Véronique Courjault a menti à tout le monde

Publié le par Adriana EVANGELIZT

«Elle a menti à tout le monde»


Par Patricia TOURANCHEAU


Véronique Courjault a été mise en examen pour triple infanticide. Elle a avoué le meurtre d'un bébé né en France en 1999, avant les deux nés en 2002 et 2003 à Séoul.

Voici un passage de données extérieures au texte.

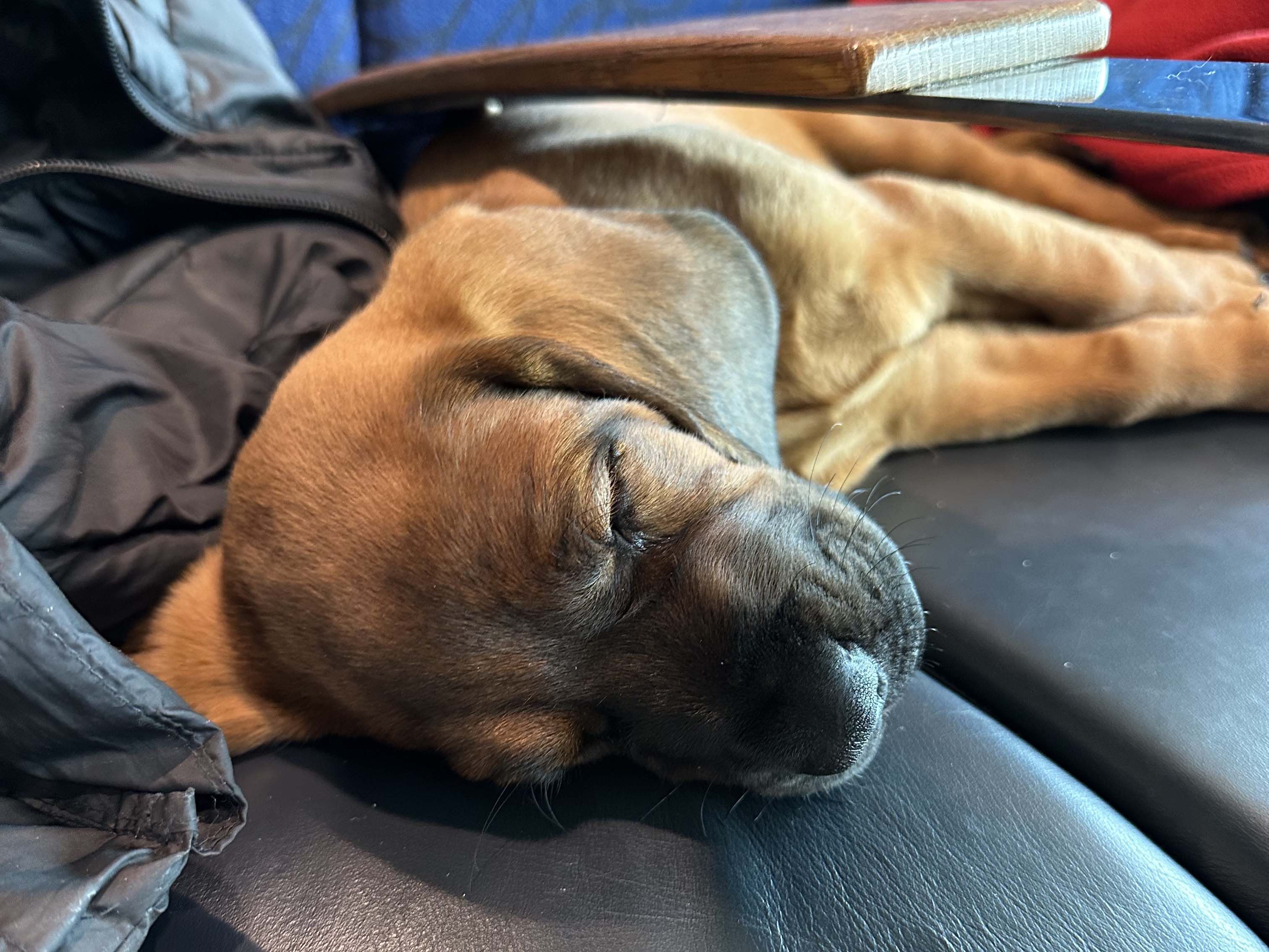 Holger er allerede her den først dag faldet godt til, og lige nu her kl. 22:00 ligger han på min plads i sofaen og sover.

Véronique Courjault, 38 ans, a été emprisonnée hier comme une criminelle en série. Elle a avoué avoir tué ses trois derniers bébés en quatre ans. «Elle a menti à tout le monde», dit un enquêteur. Même lors de ses premiers épanchements en garde à vue mercredi, où elle endossait la maternité de faux jumeaux qu'elle avait étouffés puis congelés. Elle a fini par craquer la nuit suivante. Il s'agissait en réalité de deux nourrissons nés à Séoul à une année d'intervalle, l'un en 2002, l'autre en 2003. Aux officiers de police judiciaire de Tours, Véronique Courjault a enfin avoué hier que ce n'était pas la première ni la deuxième fois qu'elle supprimait ses petits dès leur premier souffle. Elle «a déjà fait disparaître» un bébé par le feu, en juillet 1999 à Souvigny-de-Touraine (Indre-et-Loire). La police scientifique est en train de chercher des bouts d'os dans son jardin.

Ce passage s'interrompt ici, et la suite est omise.